In fact, it is not easy to break free from the prejudices that you have created yourself when you reach your 30s. Living with Il-Jo was such an impressive experience for me. Having brushed off my prejudices like that, I would also have contributed to an example where people should not be judged solely on their educational background or occupation. But such a future is now completely impossible. It was then that the balance between the two of us was disturbed. And it was all Lee Il-jo’s fault.
*****
“How’d that happen?” Seungjae’s question contained many things. I did not answer easily.
“You hate stupid kids. How did you get involved?”
“Do you hate it, don’t you despise it.” Kyung-eon accepted Seung-jae’s words. It was very annoying to see him smile and laugh. The ‘dumb kids’ that Seungjae refers to here refer to people with narrow eyesight who start work without anticipating the outcome. People who ignore the fact that if they cross the line I have drawn, the relationship will be ruined. Most of these people are so engrossed in their emotions that they can only go straight. My field of vision is narrow, so I can’t just look ahead. The most recent example would be an ex-girlfriend who was constantly trying to stamp with me, even though I had never even talked about marriage.
What kind of people who clings to a very small probability, hoping that they will be the only exception. And I think all of that is stupid.
“I do not know. It’s a long story.”
“Long story… you mean, it’s bothersome to explain. Don’t you even want to wasted your energy to be angry?”
I just nodded my head. I didn’t want to say that we were cousins, and I didn’t want to say that we were living together. It’s even harder to explain
“Just cut him out? It’s nothing new.”
“I will… .”
There’s no excuse right now for not explaining the situation. So, eventually I gave up. “He live in my house now.”
“Did he bragged in? How could everyone is so crazy nowadays… .”
“No, I told him to move in.”
“What? Hey! Then of course he’ll get the wrong idea. Man, you screwed up!”
Seungjae and Kyungeon both had expressions of absurdity. At this point, I definitely understood. Yes. I gave him hope. I shouldn’t have taken it home in the first place… The irritability that pricked me on the first day I brought Il-Jo into the house must have come from this ominous future. Because in the end it was something to regret. Usually I’m good at drawing a line for those who approach me for something, especially for an emotional reward. But this time I broke the line first.
“Why did you bring him home? You don’t even invite us. “
“I didn’t know he was gay.”
“What are you talking about? ? Didn’t you get together with some guys before?”—so there’s nothing more to say.

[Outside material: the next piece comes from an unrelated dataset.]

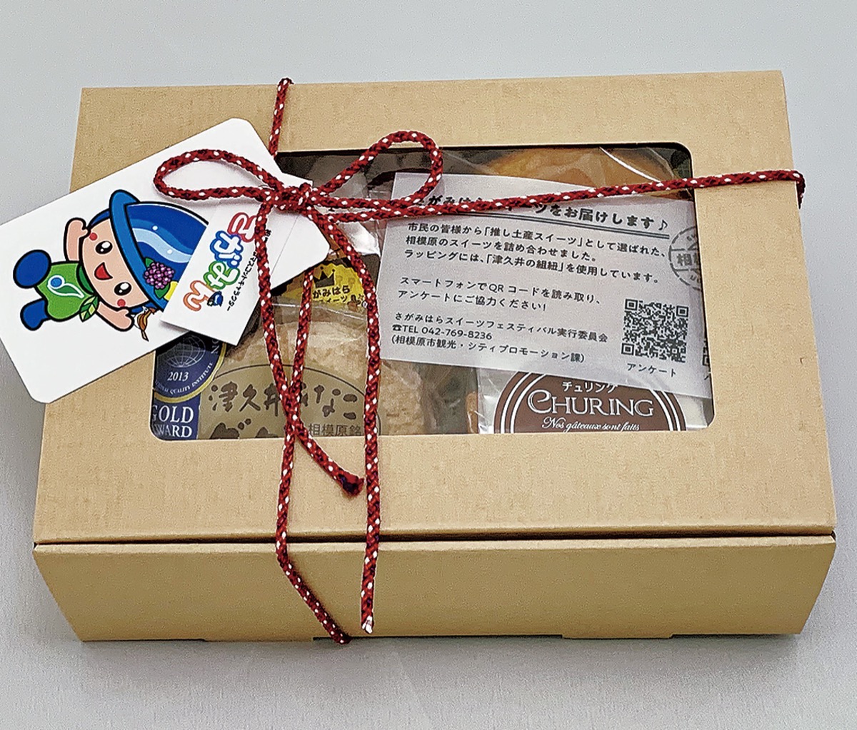 フェアでは市民に選ばれた「推し土産スイーツ」のギフトセットも販売する。「さがみはら推し土産スイーツ」とは、さがみはらスイーツフェスティバル実行委員会で3回にわたり実施した「推し土産スイーツ総選挙」の受賞品。今回はそのスイーツを集めたギフトセットを用意。数種類の「おすすめセット」(1500円程度)のほか、好みのスイーツを詰め合わせることもできる。相模原市マスコットキャラクター・さがみんのメッセージカード型のタグと津久井産の組みひもを使用した、相模原らしいギフトセットに仕上がっている。
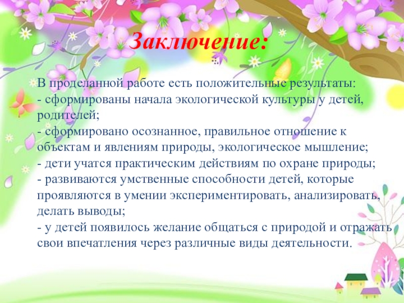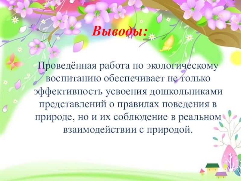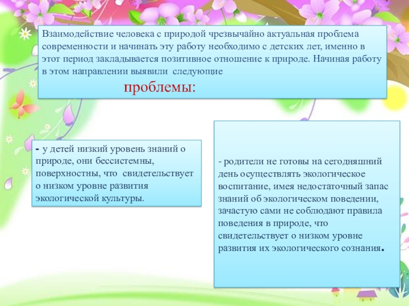 Взаимодействие человека с природой чрезвычайно актуальная проблема современности и начинать эту работу необходимо с детских лет, именно в этот период закладывается позитивное отношение к природе. Начиная работу в этом направлении выявили следующие

No, I thought my cousin would be fine. And at this point my irritation turned into anger. Little by little, I began to realize how absurd Lee Il-jo was. Even though we don’t come and go, we’re relatives and men above that. Is it my fault for letting this happen? Besides, on the subject of living on a bill, it feeds on my sympathy.
“Hey, I’m a victim here.” I said sarcastically.
Then, Seungjae, who looked complicated, gave the answer in one word. “Kick him out.”
“Of course.”
On the way home from after separating up with my two friends, I called Il-Jo. But Il-Jo didn’t pick up the calls.
I let out a sigh of anger and sent a text message.